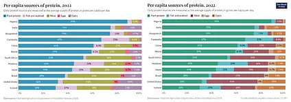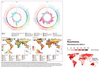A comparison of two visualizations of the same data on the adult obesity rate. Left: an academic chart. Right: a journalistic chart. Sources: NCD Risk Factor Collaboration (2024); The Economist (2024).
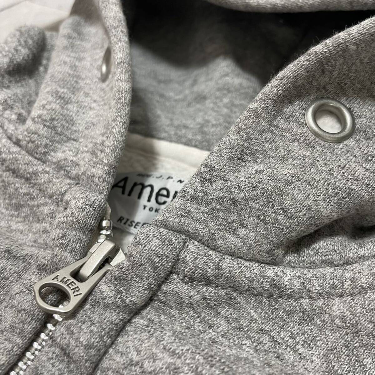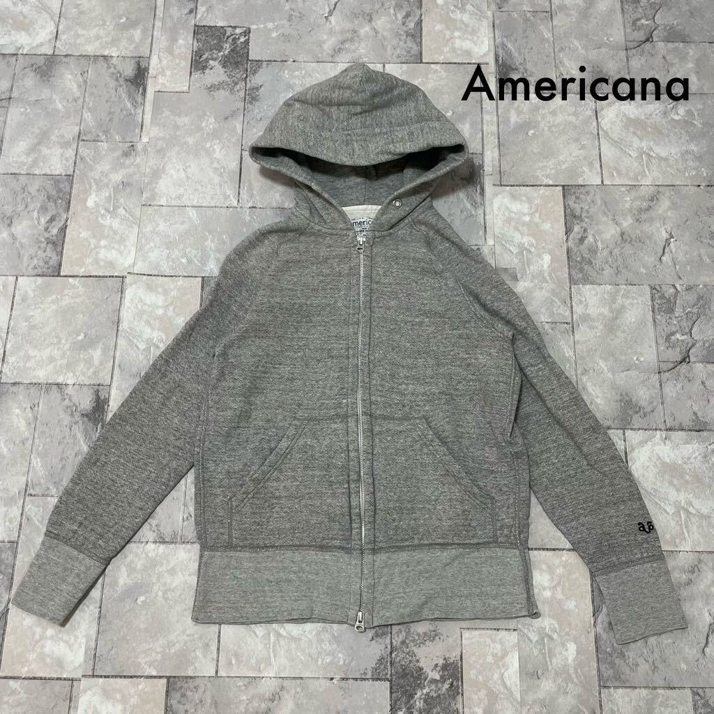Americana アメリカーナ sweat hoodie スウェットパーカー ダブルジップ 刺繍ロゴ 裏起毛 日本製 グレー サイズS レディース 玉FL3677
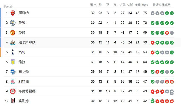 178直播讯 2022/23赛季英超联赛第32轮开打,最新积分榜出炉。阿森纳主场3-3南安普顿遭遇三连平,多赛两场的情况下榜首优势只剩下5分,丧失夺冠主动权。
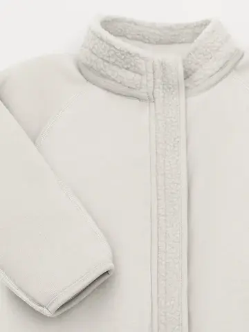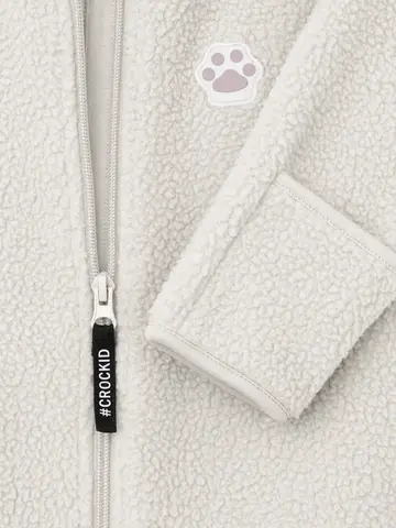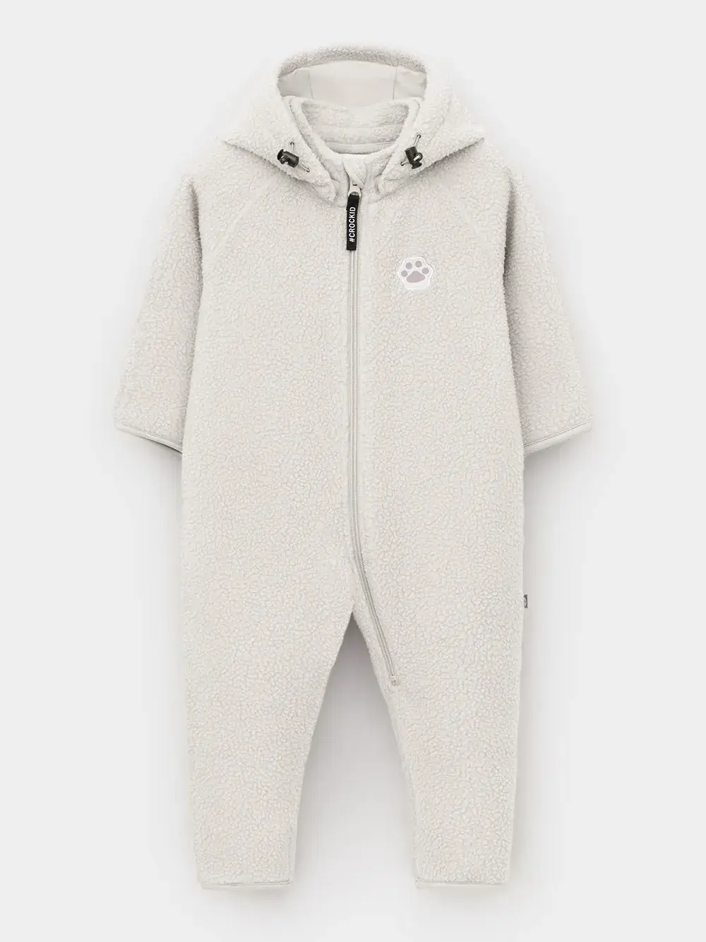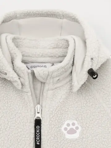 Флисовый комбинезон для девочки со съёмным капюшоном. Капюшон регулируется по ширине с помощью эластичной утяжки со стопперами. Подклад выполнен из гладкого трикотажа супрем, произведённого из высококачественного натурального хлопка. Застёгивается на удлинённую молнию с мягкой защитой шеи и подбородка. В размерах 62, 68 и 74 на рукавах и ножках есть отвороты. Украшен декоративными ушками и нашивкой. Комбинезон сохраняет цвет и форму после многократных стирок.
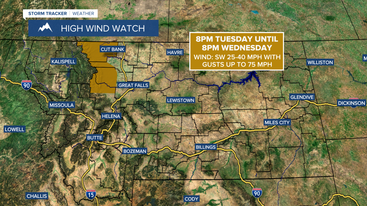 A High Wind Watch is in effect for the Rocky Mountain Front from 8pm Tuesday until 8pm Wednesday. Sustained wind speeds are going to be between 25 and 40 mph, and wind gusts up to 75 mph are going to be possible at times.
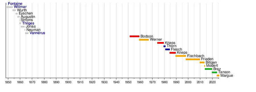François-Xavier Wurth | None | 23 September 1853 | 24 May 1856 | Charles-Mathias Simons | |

::::

__Task__: Pictures are to be left out. Everything else in the records must be written out exactly.

__Problem solution__:
A comparison of two visualizations of the same data on the adult obesity rate. Left: an academic chart. Right: a journalistic chart. Sources: NCD Risk Factor Collaboration (2024); The Economist (2024).
Americana アメリカーナ sweat hoodie スウェットパーカー ダブルジップ 刺繍ロゴ 裏起毛 日本製 グレー サイズS レディース 玉FL3677
 178直播讯 2022/23赛季英超联赛第32轮开打,最新积分榜出炉。阿森纳主场3-3南安普顿遭遇三连平,多赛两场的情况下榜首优势只剩下5分,丧失夺冠主动权。
 Флисовый комбинезон для девочки со съёмным капюшоном. Капюшон регулируется по ширине с помощью эластичной утяжки со стопперами. Подклад выполнен из гладкого трикотажа супрем, произведённого из высококачественного натурального хлопка. Застёгивается на удлинённую молнию с мягкой защитой шеи и подбородка. В размерах 62, 68 и 74 на рукавах и ножках есть отвороты. Украшен декоративными ушками и нашивкой. Комбинезон сохраняет цвет и форму после многократных стирок.
 A High Wind Watch is in effect for the Rocky Mountain Front from 8pm Tuesday until 8pm Wednesday. Sustained wind speeds are going to be between 25 and 40 mph, and wind gusts up to 75 mph are going to be possible at times.
François-Xavier Wurth | None | 23 September 1853 | 24 May 1856 | Charles-Mathias Simons | |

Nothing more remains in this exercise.